Apple have updated their home page to show a tribute to Jobs:


The picture links to a page dedicated to him:


“Apple has lost a visionary and creative genius, and the world has lost an amazing human being. Those of us who have been fortunate enough to know and work with Steve have lost a dear friend and an inspiring mentor. Steve leaves behind a company that only he could have built, and his spirit will forever be the foundation of Apple. If you would like to share your thoughts, memories, and condolences, please email rememberingsteve@apple.com.”

Apple’s new CEO Tim Cook also sent a note to all Apple employees:

I have some very sad news to share with all of you.

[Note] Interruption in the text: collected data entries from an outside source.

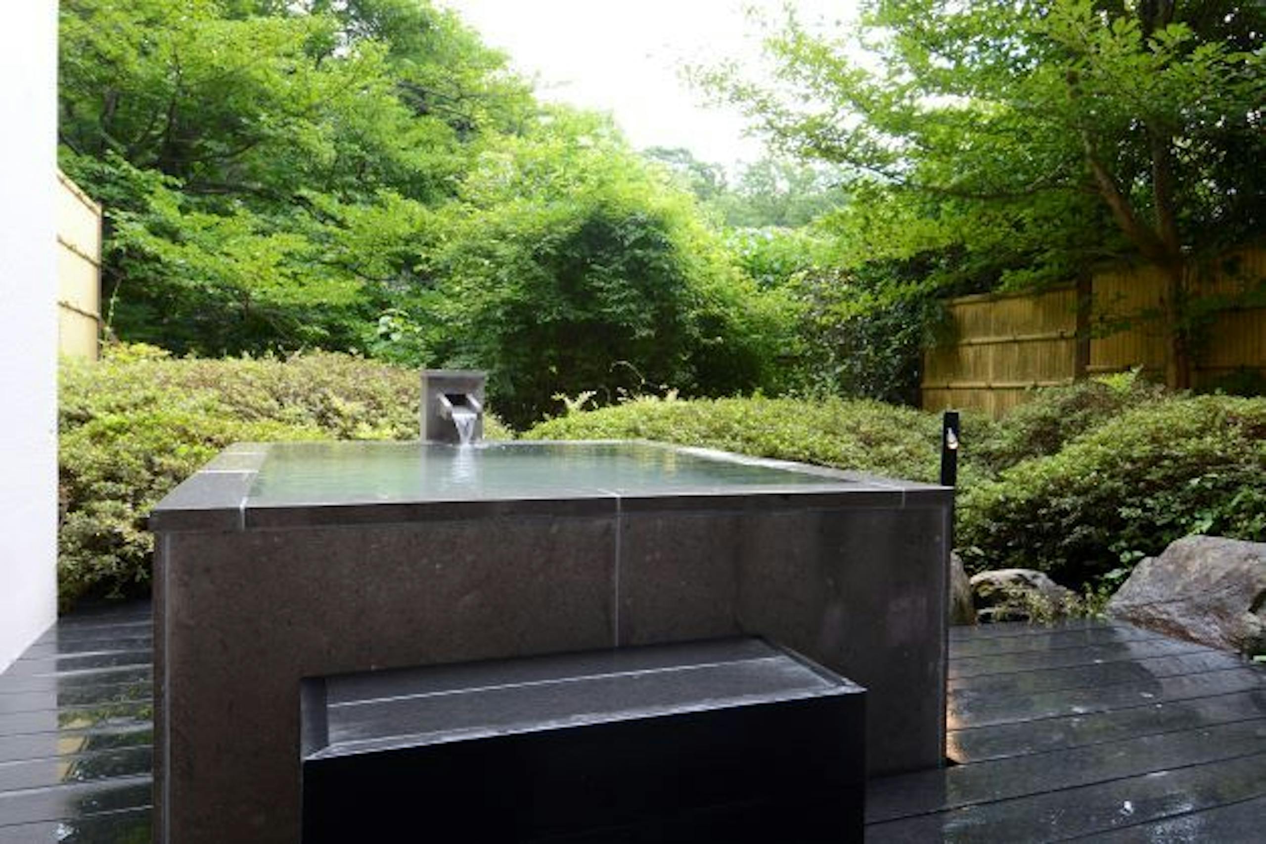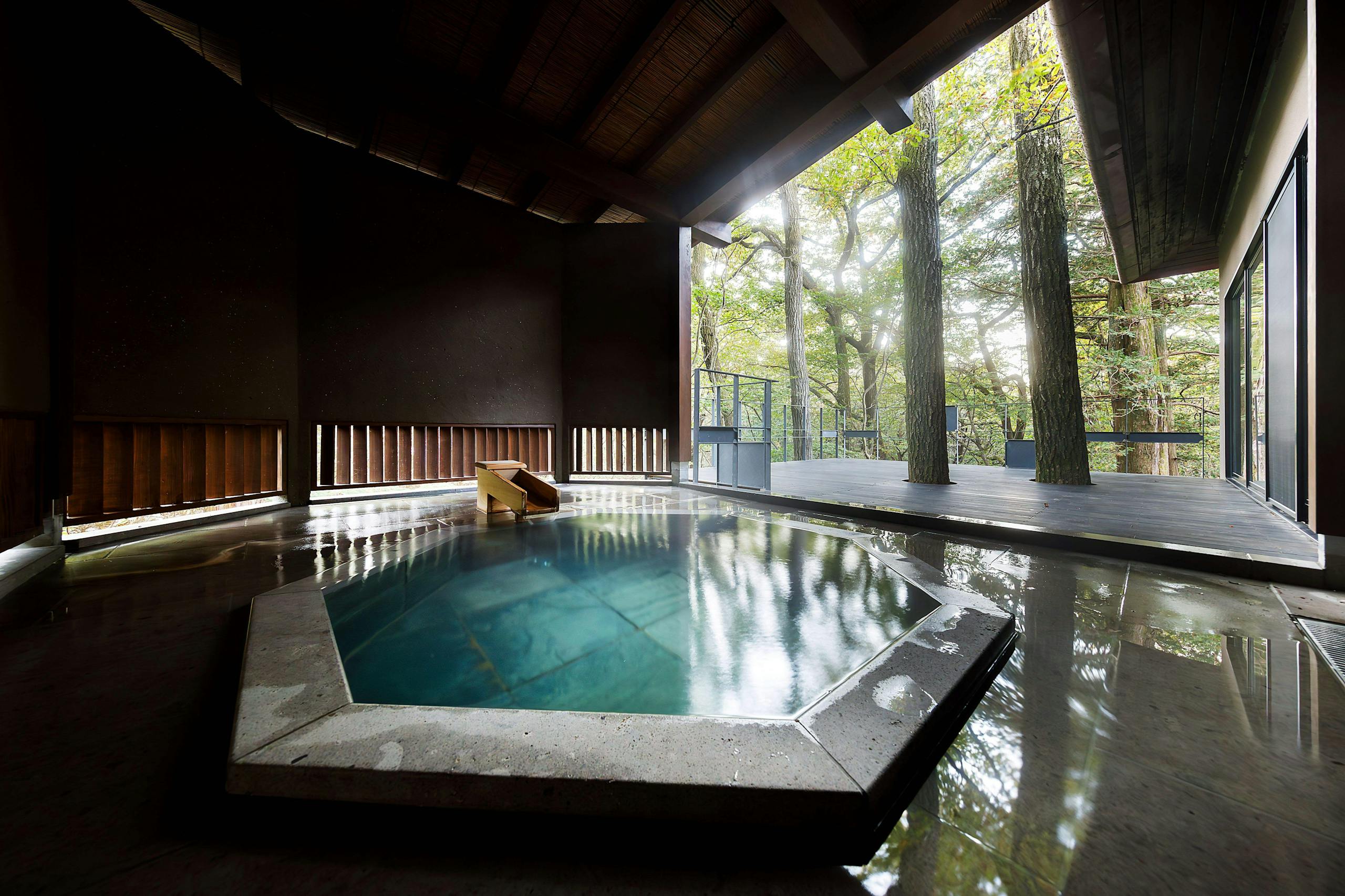 ・貸切露天風呂の「炭の湯」や「銅の湯」は那須高原の森を眺めながら静かに浸かれる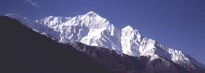 Hinter dem hohen Gipfel Nilgiri north in der Mitte des Bildes liegen , hier nicht sichtbar, noch der Mittel- und Südgipfel. Der kleinere Zacken rechts hat wie viele andere 6000 Gipfel in Nepal nicht mal einen Namen.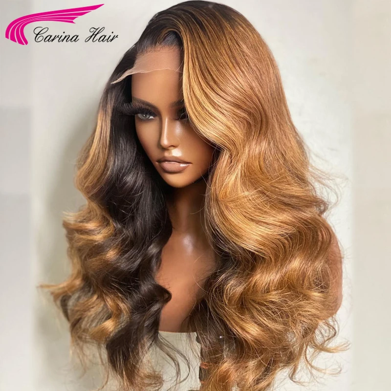Парики Омбре Имбирные волнистые 13x 4, парики на сетке спереди 180%...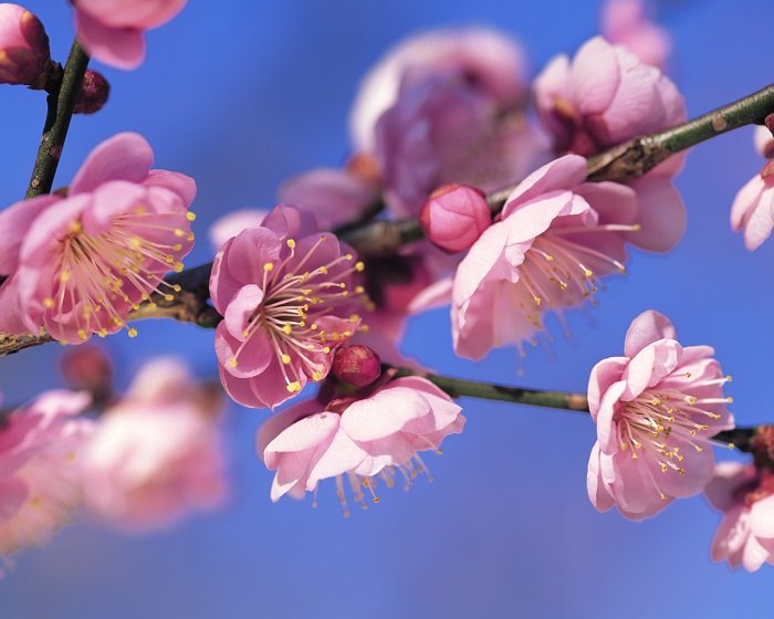 樹齢100年を越える梅の古木を含め、60品種・469本の梅が咲き誇り「早咲き→中咲き→遅咲き」と順に開花します。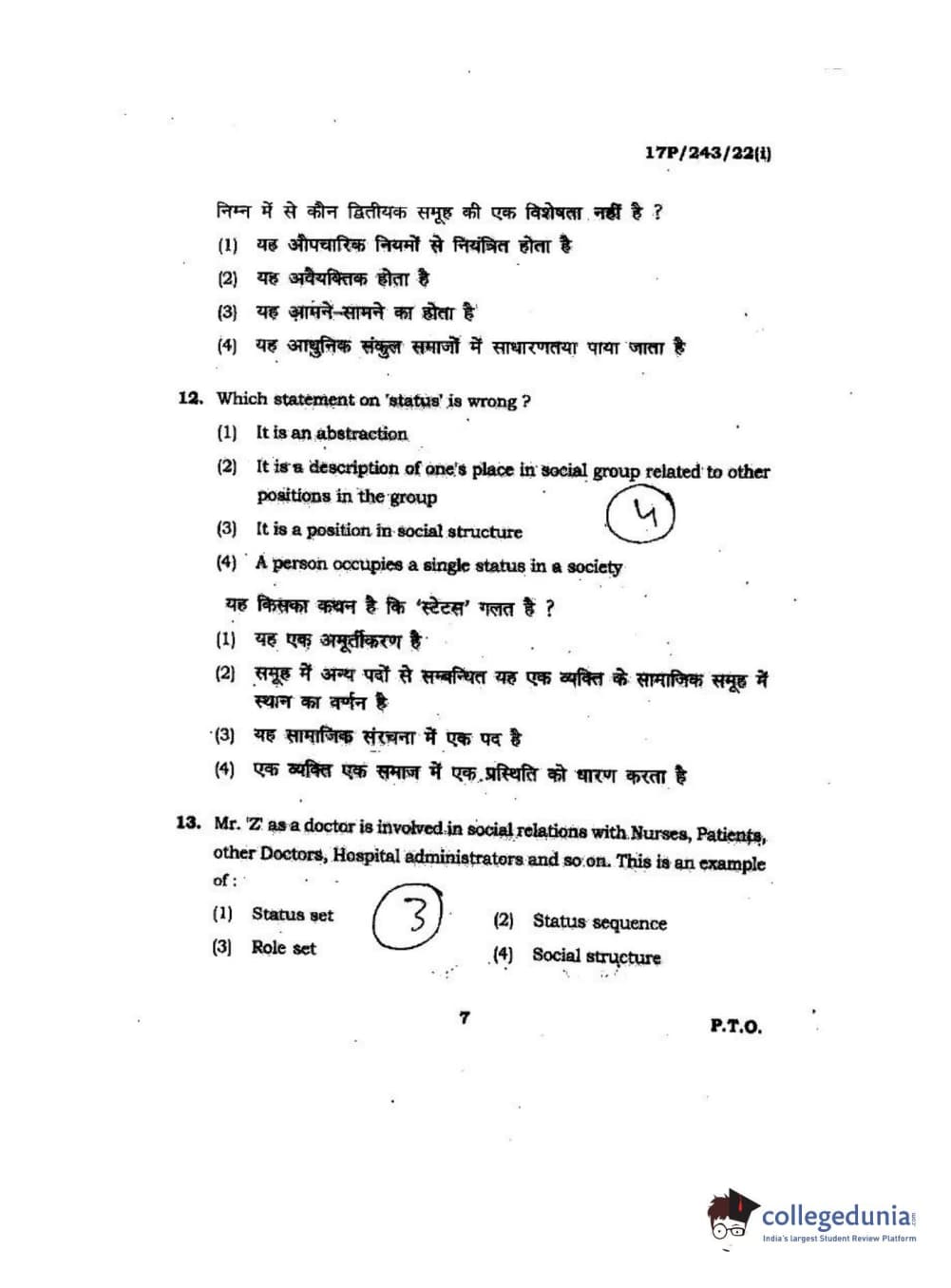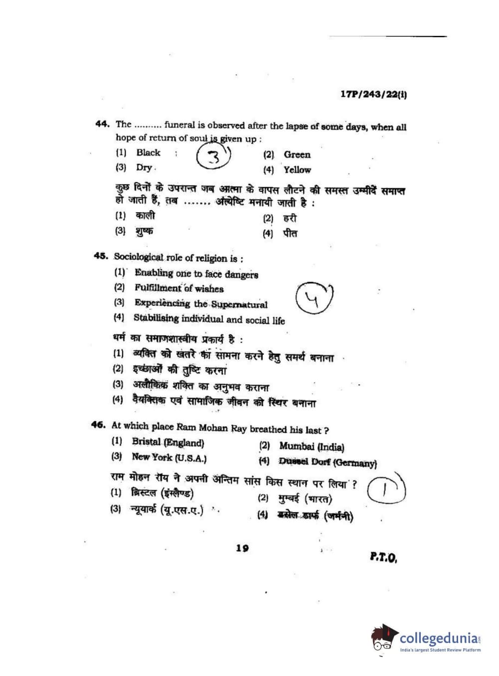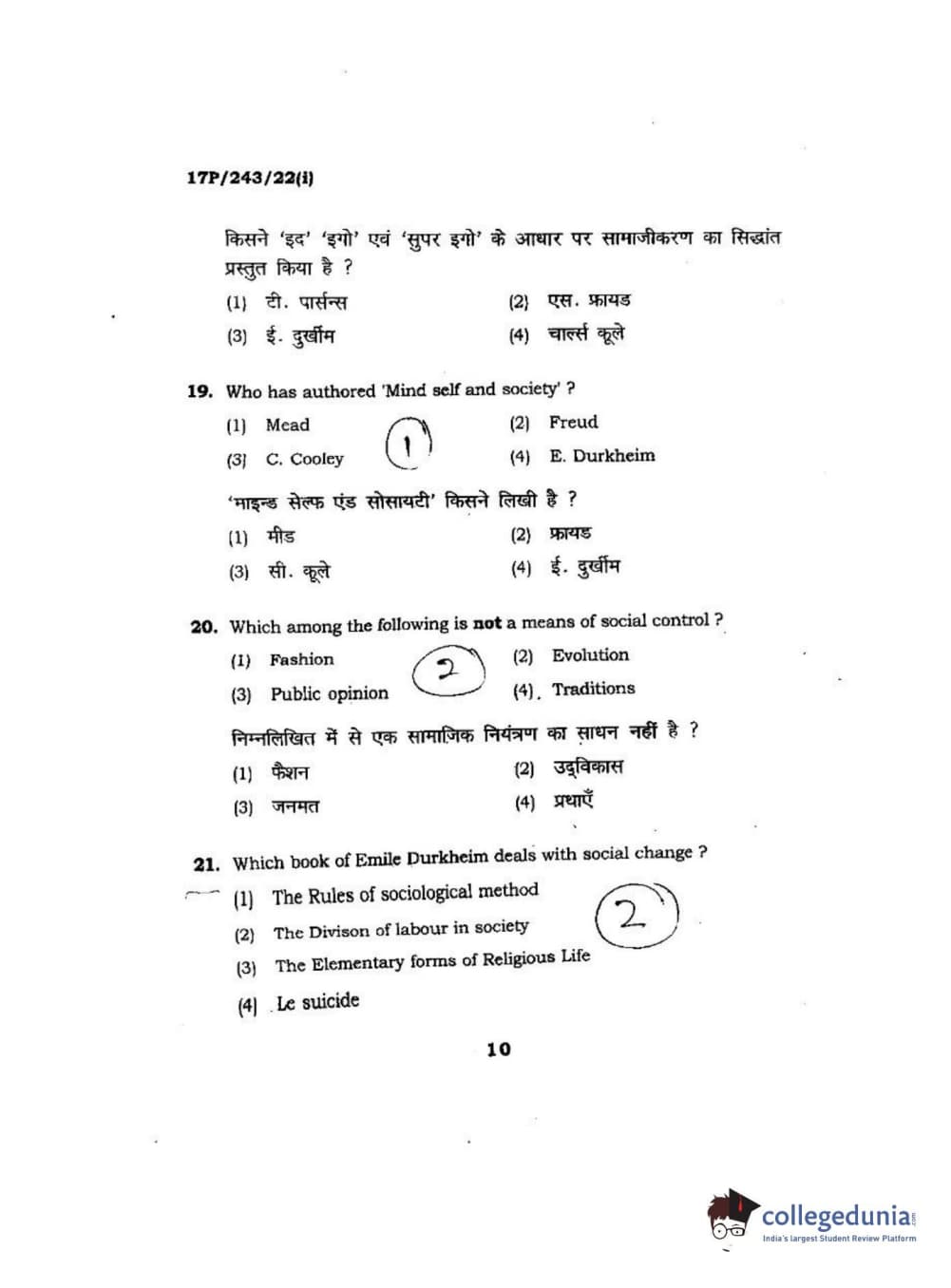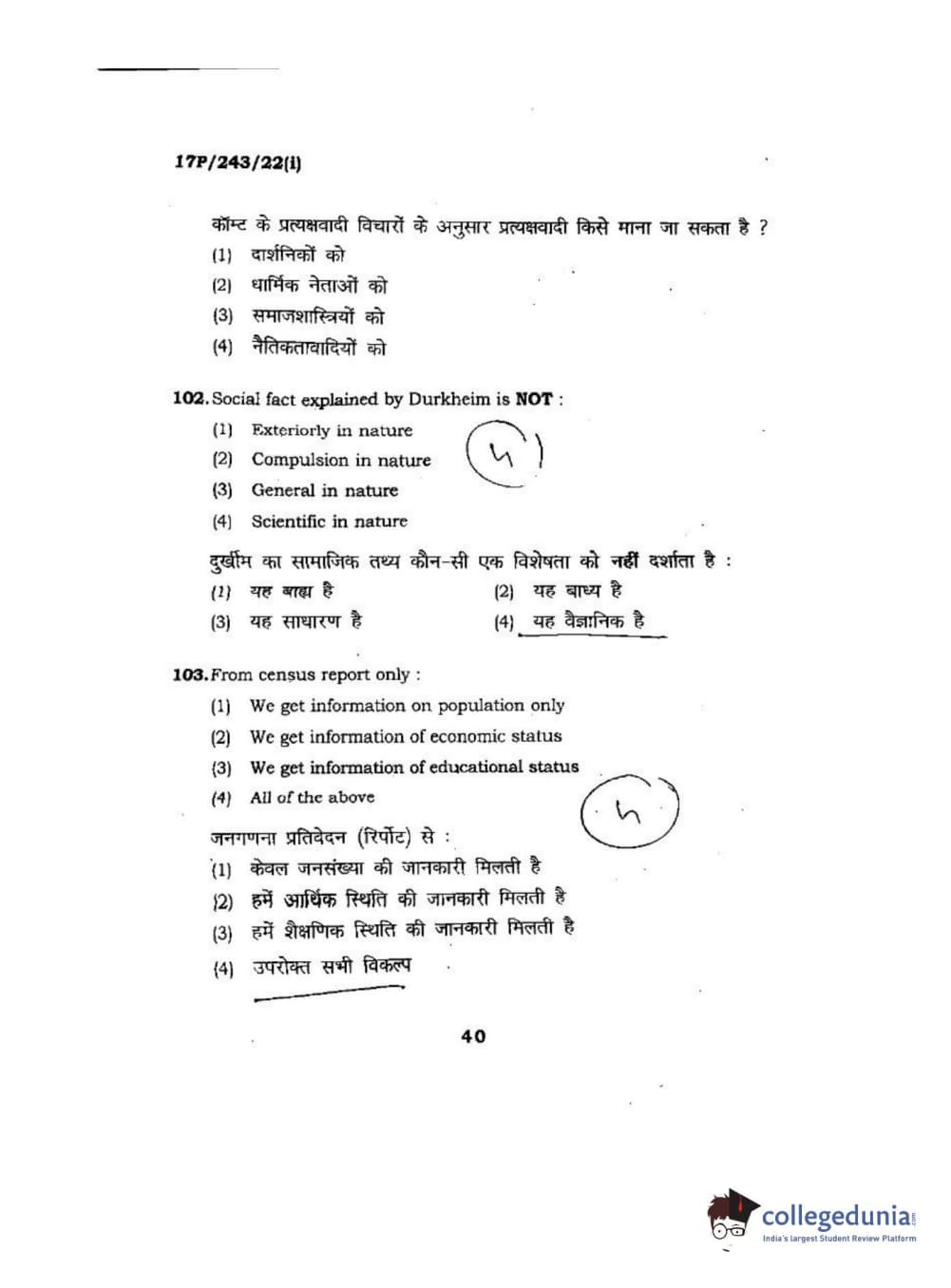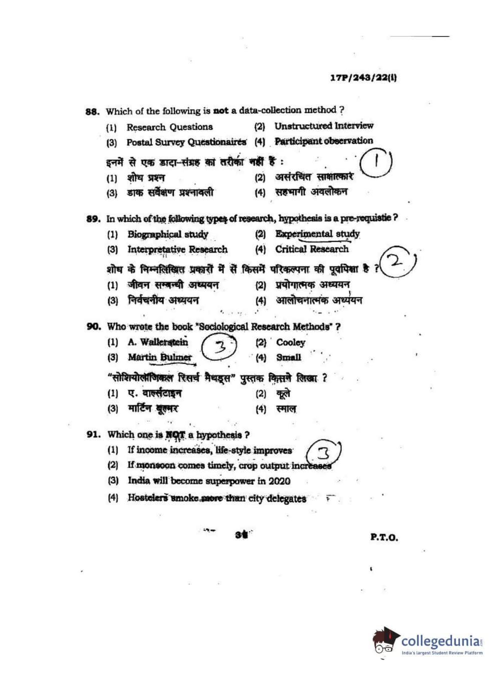 BHU PET 2017 M.A Sociology Question Paper with Answer Key PDFs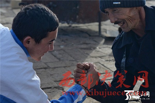 吐?tīng)柡拱鸵掠檬肿呗匪氖辏沟酶觳泊謮延辛?,工人們調(diào)侃父子倆,扳手腕誰(shuí)能贏?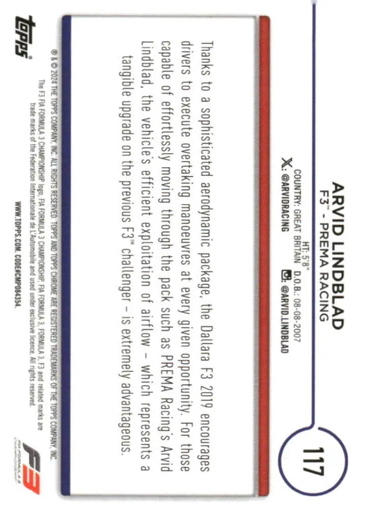 2024 Topps Chrome Formula 1 #117 Arvid Lindblad NM-MT F3 - PREMA Racing Racing Card

Steve passed away earlier today.
Apple has lost a visionary and creative genius, and the world has lost an amazing human being. Those of us who have been fortunate enough to know and work with Steve have lost a dear friend and an inspiring mentor. Steve leaves behind a company that only >he could have built, and his spirit will forever be the foundation of Apple.
We are planning a celebration of Steve’s extraordinary life for Apple employees that will take place soon. If you would like to share your thoughts, memories and condolences >in the interim, you can simply email rememberingsteve@apple.com.
No words can adequately express our sadness at Steve’s death or our gratitude for the opportunity to work with him. We will honor his memory by dedicating ourselves to >continuing the work he loved so much.

It seems like Wikipedia’s page dedicated to Jobs has already been updated too:

“Steven Paul Jobs (February 24, 1955 – October 5, 2011) was an American computer entrepreneur and inventor. He was co-founder, chairman, and chief executive officer of Apple Inc. Jobs also previously served as chief executive of Pixar Animation Studios; he became a member of the board of directors of The Walt Disney Company in 2006, following the acquisition of Pixar by Disney. He was credited in Toy Story (1995) as an executive producer.”

Needless to say, messages about Jobs’ death are now trending on Twitter, and most blogs and news sites are reporting the news.

I would like to remember Steve Jobs with a quote on innovation, since I find his words most inspiring in my work:

“Innovation is not about saying yes to everything. It’s about saying no to all but the most crucial features.”

And also with his unforgettable commencement speech at Stanford University in 2005.

Thank you and rest in peace Steve, I’ll dearly miss your genius, your products, your exciting keynotes and your “one more thing”!